South Sudan: Why Salva Kiir Halted his Trip to Doha

South Sudan President Salva Kiir halted a planned visit to Qatar after members of his advanced team tested positive for Covid-19 on arrival in the capital, Doha on Monday.

The presidential advanced team comprised his Kiir’s security adviser, Tut Gatluak Manime, Foreign Affairs minister, Mayiik Ayii Deng, Investment minister, Dhieu Mathok Wol, Higher Education minister, Gabriel Changson Chang, Wildlife, Tourism and Forestry minister, Rizik Zachariah Hassan and the Managing Director of the state-owned oil company (Nilepet), Chol Deng Thon Abel.

The presidency, in a statement issued prior to the delegation’s visit to Doha, said the South Sudanese leader and his team would discuss “a wide range of issues including continued cooperation between the two countries and to start engagement on a shared regional security interest, shared institutional values, and solicit views of the officials on the Sudanese and Ethiopian political crisis”.

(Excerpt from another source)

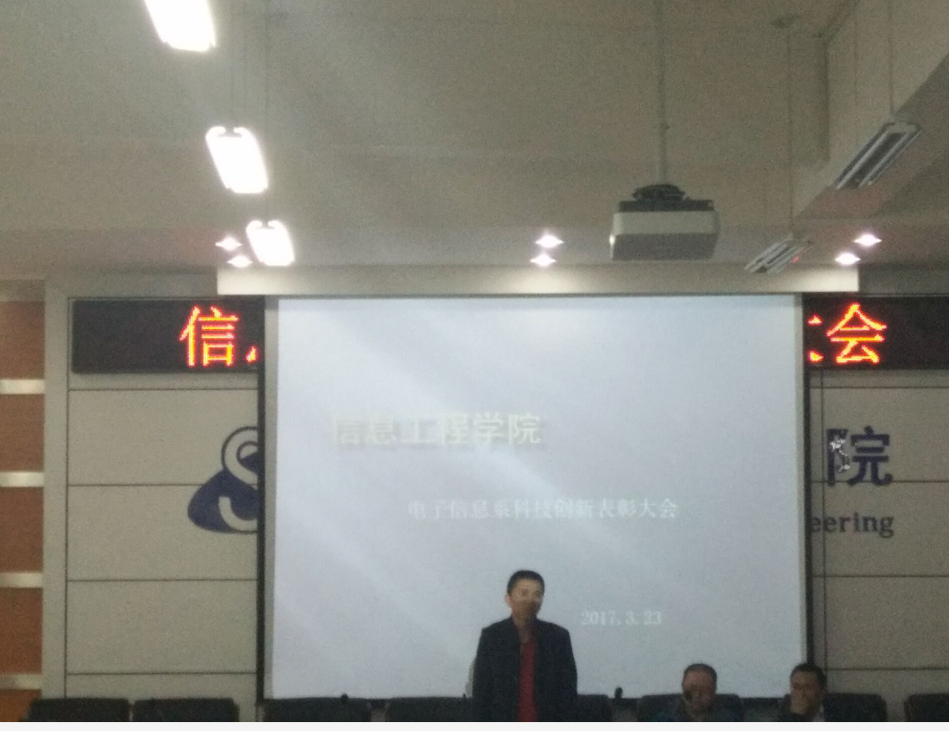2017年3月23日中午13时,m88官网电子信息系于逸夫楼F302举办了科技创新表彰大会。电子信息系杜永兴老师、侯海鹏老师和王亚平老师参加了本次表彰大会。

This would have been Kiir’s first visit to Qatar since South Sudan’s independence in 2011.

A member of the delegation said they are confined to a hotel in Doha, with limited movement and interaction with officials from the host country.

“Some of our members tested positive of covid19 on arrival. We are now in a hotel. We cannot move. We are just here in the hotel. This situation has resulted in the rescheduling of the visit of his excellency the president of the Republic of South Sudan, General Salva Kiir Mayardit. We were coming to prepare the ground, especially the agendas”, he told Sudan Tribune on Tuesday.

The failure to perform a test on senior government officials travelling out of the country has sparked a social media discourse, with some questioning reliability of testing machines in the country and whether authorities comply with the standard operating procedures to be observed when travelling and entering any country in the wake of the measures imposed to control the pandemic.

Many claimed some senior government officials do not comply with the requirements.

Last year, the country’s chief justice, Chan Reec Madut declined to take a Covid-19 test on arrival at Juba International Airport from a foreign trip, causing squabble between the health officials and members of the security services.